The answer is the full listing below, copied exactly, with its pictures omitted.

Information supplied →
+ + +
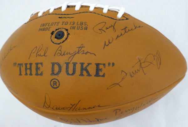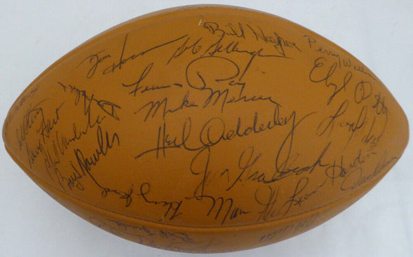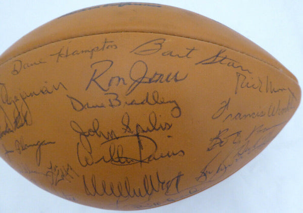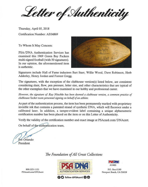 This is an official leather Wilson NFL Football that has been hand signed by 50 members of the 1969 Green Bay Packers NFL team. Signatures include: BART STARR, FORREST GREGG, WILLIE WOOD, DAVE ROBINSON, HENRY JORDAN & HERB ADDERLEY. NOTE: The signature of RAY NITSCHKE has been deemed a clubhouse version, a common practice of clubhouse/locker room personnel signing on behalf of the athlete. It has been authenticated by PSA/DNA and comes with their sticker and matching full page certificate of authenticity.
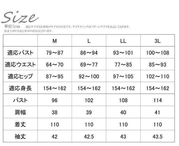 3Lサイズ:バスト114cm/肩幅41cm/着丈110cm/袖丈43.5
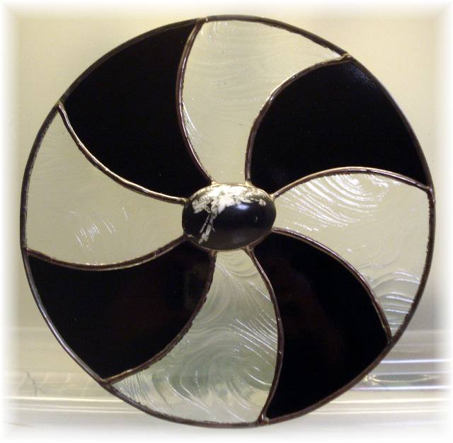 Black and clear glass spirals around a beautiful chrysanthemum stone. 9 1/2" $50
+ + +
Final answer →
 This is an official leather Wilson NFL Football that has been hand signed by 50 members of the 1969 Green Bay Packers NFL team. Signatures include: BART STARR, FORREST GREGG, WILLIE WOOD, DAVE ROBINSON, HENRY JORDAN & HERB ADDERLEY. NOTE: The signature of RAY NITSCHKE has been deemed a clubhouse version, a common practice of clubhouse/locker room personnel signing on behalf of the athlete. It has been authenticated by PSA/DNA and comes with their sticker and matching full page certificate of authenticity.
 3Lサイズ:バスト114cm/肩幅41cm/着丈110cm/袖丈43.5
 Black and clear glass spirals around a beautiful chrysanthemum stone. 9 1/2" $50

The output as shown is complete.